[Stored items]
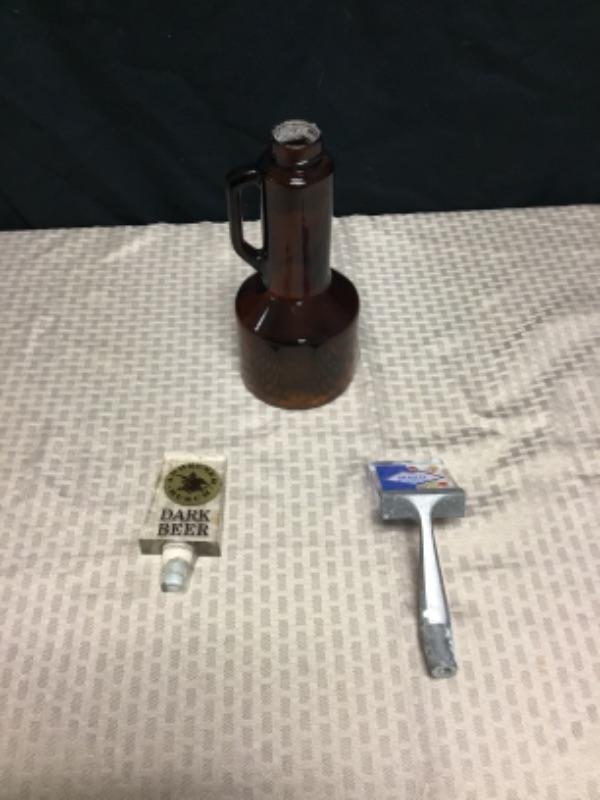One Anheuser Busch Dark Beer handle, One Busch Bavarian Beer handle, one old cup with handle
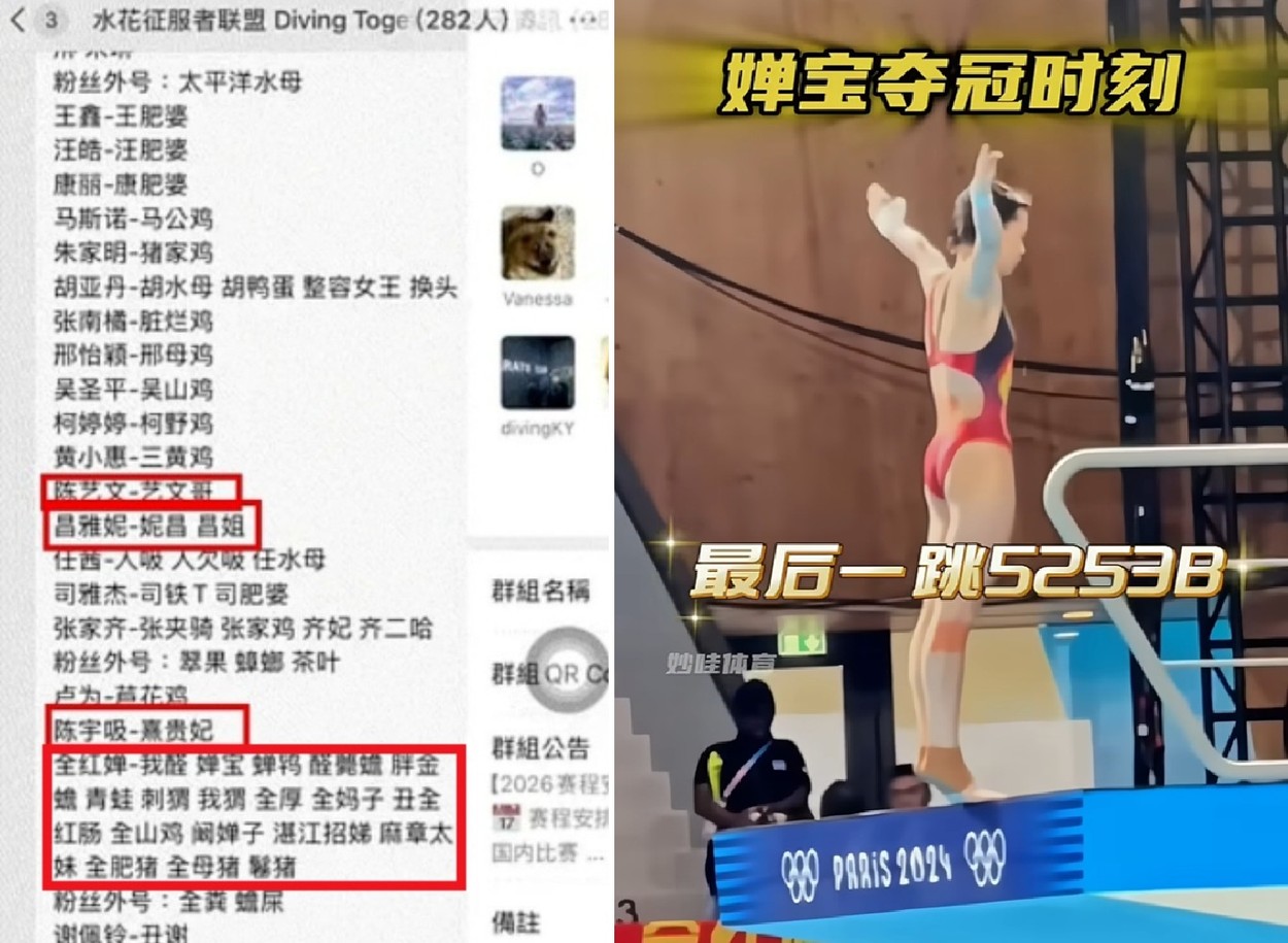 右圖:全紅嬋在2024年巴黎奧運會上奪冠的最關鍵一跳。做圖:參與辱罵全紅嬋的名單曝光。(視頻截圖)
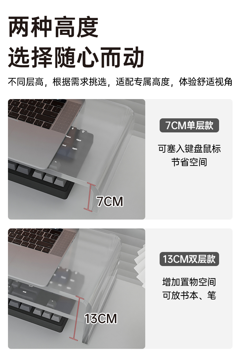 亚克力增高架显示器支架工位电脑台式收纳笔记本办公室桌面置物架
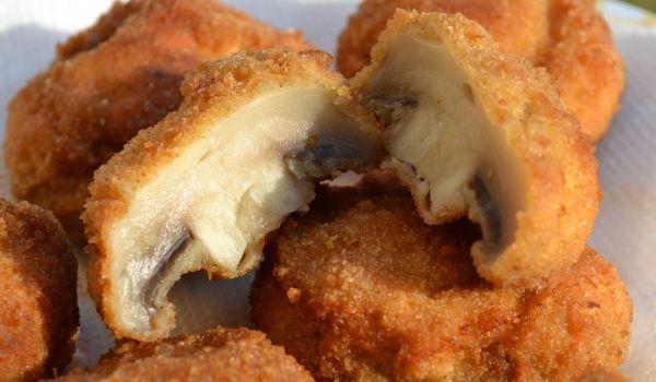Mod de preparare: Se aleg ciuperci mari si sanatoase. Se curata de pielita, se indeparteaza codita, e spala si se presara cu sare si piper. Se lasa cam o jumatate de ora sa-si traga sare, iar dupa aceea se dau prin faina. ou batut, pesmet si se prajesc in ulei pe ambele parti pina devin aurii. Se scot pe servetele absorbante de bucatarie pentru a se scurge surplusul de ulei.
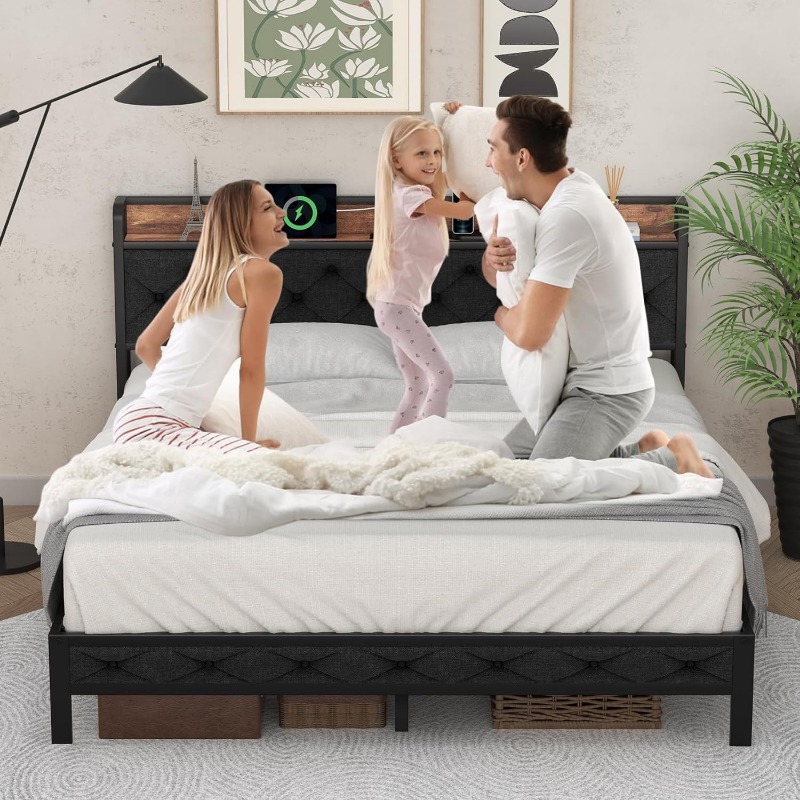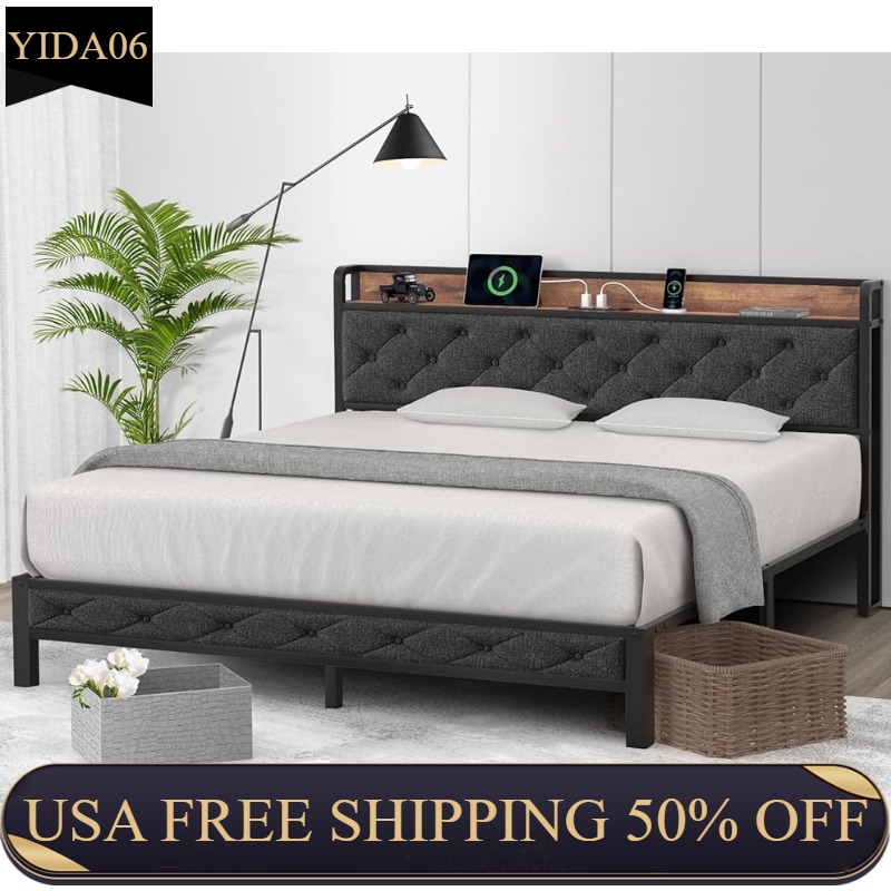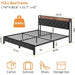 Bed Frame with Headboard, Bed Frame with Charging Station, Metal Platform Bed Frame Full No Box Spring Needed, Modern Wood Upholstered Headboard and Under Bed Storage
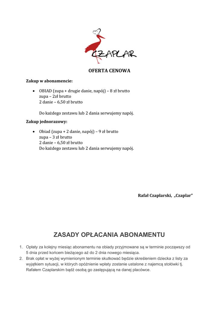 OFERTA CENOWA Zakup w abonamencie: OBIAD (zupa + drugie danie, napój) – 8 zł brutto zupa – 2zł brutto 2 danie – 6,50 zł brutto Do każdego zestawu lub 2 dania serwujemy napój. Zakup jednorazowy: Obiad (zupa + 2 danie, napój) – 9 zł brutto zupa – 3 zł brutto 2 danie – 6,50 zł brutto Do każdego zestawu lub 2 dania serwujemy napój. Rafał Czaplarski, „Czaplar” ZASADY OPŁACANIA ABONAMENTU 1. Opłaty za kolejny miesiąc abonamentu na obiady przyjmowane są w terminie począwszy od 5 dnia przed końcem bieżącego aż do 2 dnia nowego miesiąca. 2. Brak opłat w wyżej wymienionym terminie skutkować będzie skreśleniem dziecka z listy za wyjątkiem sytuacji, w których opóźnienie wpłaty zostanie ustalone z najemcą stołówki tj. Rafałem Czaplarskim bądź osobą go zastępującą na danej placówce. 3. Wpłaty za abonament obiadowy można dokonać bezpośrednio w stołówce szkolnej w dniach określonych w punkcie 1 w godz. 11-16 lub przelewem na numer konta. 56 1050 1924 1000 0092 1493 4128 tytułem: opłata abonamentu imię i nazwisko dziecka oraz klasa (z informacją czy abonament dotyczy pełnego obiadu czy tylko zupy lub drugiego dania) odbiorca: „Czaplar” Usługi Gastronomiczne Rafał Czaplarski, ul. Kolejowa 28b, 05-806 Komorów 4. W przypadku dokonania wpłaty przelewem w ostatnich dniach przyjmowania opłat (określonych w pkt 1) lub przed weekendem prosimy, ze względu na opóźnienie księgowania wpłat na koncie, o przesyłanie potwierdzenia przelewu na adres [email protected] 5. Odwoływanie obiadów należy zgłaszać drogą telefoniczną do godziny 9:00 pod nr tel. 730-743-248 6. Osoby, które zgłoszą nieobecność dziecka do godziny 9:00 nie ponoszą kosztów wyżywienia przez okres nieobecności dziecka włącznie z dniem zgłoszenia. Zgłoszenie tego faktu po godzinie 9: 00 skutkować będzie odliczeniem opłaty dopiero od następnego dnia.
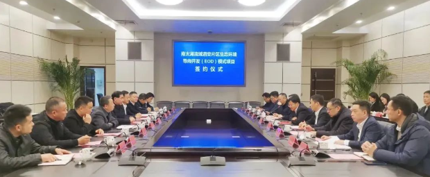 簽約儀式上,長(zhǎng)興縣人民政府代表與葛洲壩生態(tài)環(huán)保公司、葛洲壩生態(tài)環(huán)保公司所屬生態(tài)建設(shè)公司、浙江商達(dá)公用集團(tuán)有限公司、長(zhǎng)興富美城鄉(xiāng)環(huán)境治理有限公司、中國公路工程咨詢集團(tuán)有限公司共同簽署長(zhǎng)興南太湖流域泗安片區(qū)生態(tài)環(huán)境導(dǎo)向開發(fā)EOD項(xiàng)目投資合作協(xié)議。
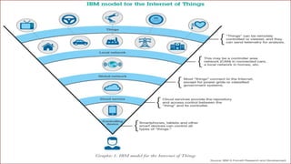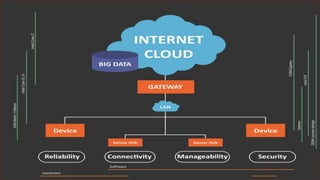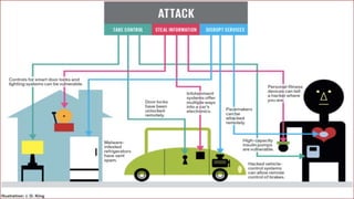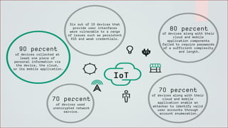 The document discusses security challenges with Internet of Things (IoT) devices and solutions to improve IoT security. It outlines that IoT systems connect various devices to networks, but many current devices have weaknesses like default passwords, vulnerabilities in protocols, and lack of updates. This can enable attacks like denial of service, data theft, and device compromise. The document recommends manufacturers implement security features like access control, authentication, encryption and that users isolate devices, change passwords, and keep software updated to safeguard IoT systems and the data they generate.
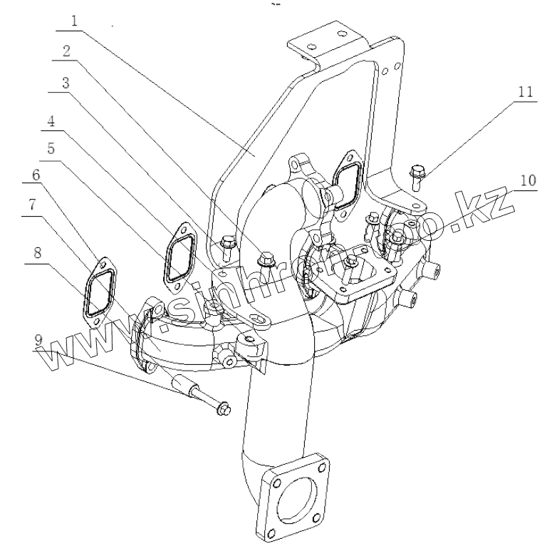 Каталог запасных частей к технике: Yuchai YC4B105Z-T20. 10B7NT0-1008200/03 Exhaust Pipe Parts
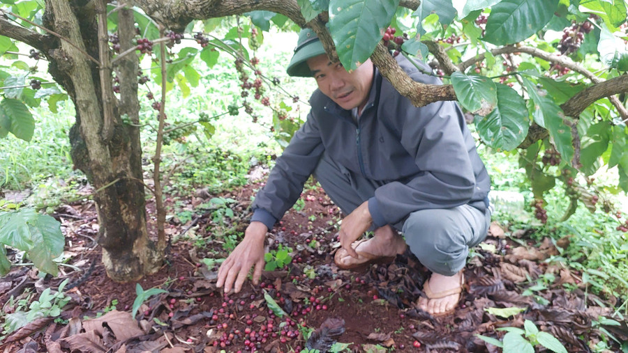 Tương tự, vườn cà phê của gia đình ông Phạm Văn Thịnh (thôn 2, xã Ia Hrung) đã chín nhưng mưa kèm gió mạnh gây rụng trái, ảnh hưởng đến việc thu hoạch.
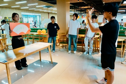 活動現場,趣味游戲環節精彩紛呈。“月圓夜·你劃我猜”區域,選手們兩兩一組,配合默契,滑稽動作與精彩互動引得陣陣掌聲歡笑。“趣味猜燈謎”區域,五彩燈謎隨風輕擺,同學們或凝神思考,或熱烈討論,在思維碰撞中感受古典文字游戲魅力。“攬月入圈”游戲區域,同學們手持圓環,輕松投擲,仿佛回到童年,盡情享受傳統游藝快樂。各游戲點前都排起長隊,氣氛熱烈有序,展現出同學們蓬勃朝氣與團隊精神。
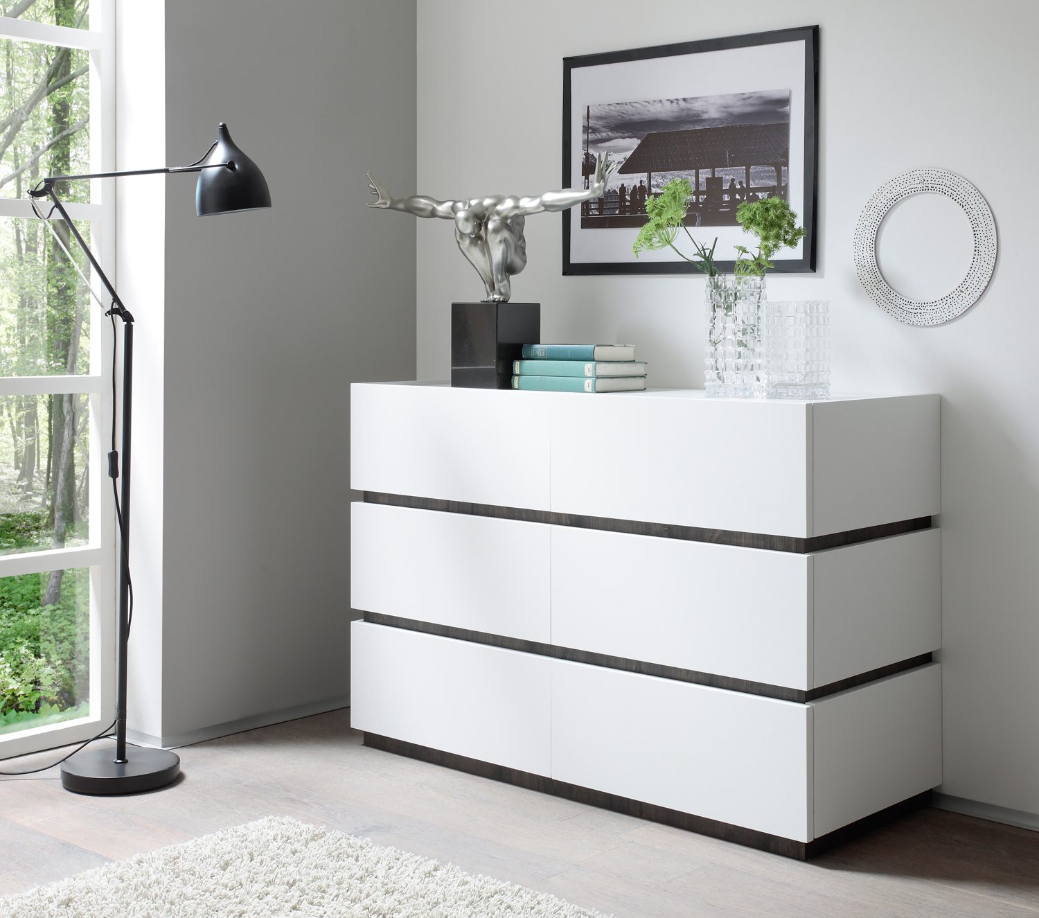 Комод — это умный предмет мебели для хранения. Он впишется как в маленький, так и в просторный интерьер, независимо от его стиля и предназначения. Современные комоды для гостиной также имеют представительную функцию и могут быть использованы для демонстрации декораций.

**What the task asks:** Please write out every entry exactly, but skip the pictures.

**Exercise output:**
One Anheuser Busch Dark Beer handle, One Busch Bavarian Beer handle, one old cup with handle
 右圖:全紅嬋在2024年巴黎奧運會上奪冠的最關鍵一跳。做圖:參與辱罵全紅嬋的名單曝光。(視頻截圖)
 亚克力增高架显示器支架工位电脑台式收纳笔记本办公室桌面置物架
Mod de preparare: Se aleg ciuperci mari si sanatoase. Se curata de pielita, se indeparteaza codita, e spala si se presara cu sare si piper. Se lasa cam o jumatate de ora sa-si traga sare, iar dupa aceea se dau prin faina. ou batut, pesmet si se prajesc in ulei pe ambele parti pina devin aurii. Se scot pe servetele absorbante de bucatarie pentru a se scurge surplusul de ulei.
 Bed Frame with Headboard, Bed Frame with Charging Station, Metal Platform Bed Frame Full No Box Spring Needed, Modern Wood Upholstered Headboard and Under Bed Storage
 OFERTA CENOWA Zakup w abonamencie: OBIAD (zupa + drugie danie, napój) – 8 zł brutto zupa – 2zł brutto 2 danie – 6,50 zł brutto Do każdego zestawu lub 2 dania serwujemy napój. Zakup jednorazowy: Obiad (zupa + 2 danie, napój) – 9 zł brutto zupa – 3 zł brutto 2 danie – 6,50 zł brutto Do każdego zestawu lub 2 dania serwujemy napój. Rafał Czaplarski, „Czaplar” ZASADY OPŁACANIA ABONAMENTU 1. Opłaty za kolejny miesiąc abonamentu na obiady przyjmowane są w terminie począwszy od 5 dnia przed końcem bieżącego aż do 2 dnia nowego miesiąca. 2. Brak opłat w wyżej wymienionym terminie skutkować będzie skreśleniem dziecka z listy za wyjątkiem sytuacji, w których opóźnienie wpłaty zostanie ustalone z najemcą stołówki tj. Rafałem Czaplarskim bądź osobą go zastępującą na danej placówce. 3. Wpłaty za abonament obiadowy można dokonać bezpośrednio w stołówce szkolnej w dniach określonych w punkcie 1 w godz. 11-16 lub przelewem na numer konta. 56 1050 1924 1000 0092 1493 4128 tytułem: opłata abonamentu imię i nazwisko dziecka oraz klasa (z informacją czy abonament dotyczy pełnego obiadu czy tylko zupy lub drugiego dania) odbiorca: „Czaplar” Usługi Gastronomiczne Rafał Czaplarski, ul. Kolejowa 28b, 05-806 Komorów 4. W przypadku dokonania wpłaty przelewem w ostatnich dniach przyjmowania opłat (określonych w pkt 1) lub przed weekendem prosimy, ze względu na opóźnienie księgowania wpłat na koncie, o przesyłanie potwierdzenia przelewu na adres [email protected] 5. Odwoływanie obiadów należy zgłaszać drogą telefoniczną do godziny 9:00 pod nr tel. 730-743-248 6. Osoby, które zgłoszą nieobecność dziecka do godziny 9:00 nie ponoszą kosztów wyżywienia przez okres nieobecności dziecka włącznie z dniem zgłoszenia. Zgłoszenie tego faktu po godzinie 9: 00 skutkować będzie odliczeniem opłaty dopiero od następnego dnia.
 簽約儀式上,長(zhǎng)興縣人民政府代表與葛洲壩生態(tài)環(huán)保公司、葛洲壩生態(tài)環(huán)保公司所屬生態(tài)建設(shè)公司、浙江商達(dá)公用集團(tuán)有限公司、長(zhǎng)興富美城鄉(xiāng)環(huán)境治理有限公司、中國公路工程咨詢集團(tuán)有限公司共同簽署長(zhǎng)興南太湖流域泗安片區(qū)生態(tài)環(huán)境導(dǎo)向開發(fā)EOD項(xiàng)目投資合作協(xié)議。
 The document discusses security challenges with Internet of Things (IoT) devices and solutions to improve IoT security. It outlines that IoT systems connect various devices to networks, but many current devices have weaknesses like default passwords, vulnerabilities in protocols, and lack of updates. This can enable attacks like denial of service, data theft, and device compromise. The document recommends manufacturers implement security features like access control, authentication, encryption and that users isolate devices, change passwords, and keep software updated to safeguard IoT systems and the data they generate.
 Каталог запасных частей к технике: Yuchai YC4B105Z-T20. 10B7NT0-1008200/03 Exhaust Pipe Parts
 Tương tự, vườn cà phê của gia đình ông Phạm Văn Thịnh (thôn 2, xã Ia Hrung) đã chín nhưng mưa kèm gió mạnh gây rụng trái, ảnh hưởng đến việc thu hoạch.
 活動現場,趣味游戲環節精彩紛呈。“月圓夜·你劃我猜”區域,選手們兩兩一組,配合默契,滑稽動作與精彩互動引得陣陣掌聲歡笑。“趣味猜燈謎”區域,五彩燈謎隨風輕擺,同學們或凝神思考,或熱烈討論,在思維碰撞中感受古典文字游戲魅力。“攬月入圈”游戲區域,同學們手持圓環,輕松投擲,仿佛回到童年,盡情享受傳統游藝快樂。各游戲點前都排起長隊,氣氛熱烈有序,展現出同學們蓬勃朝氣與團隊精神。
 Комод — это умный предмет мебели для хранения. Он впишется как в маленький, так и в просторный интерьер, независимо от его стиля и предназначения. Современные комоды для гостиной также имеют представительную функцию и могут быть использованы для демонстрации декораций.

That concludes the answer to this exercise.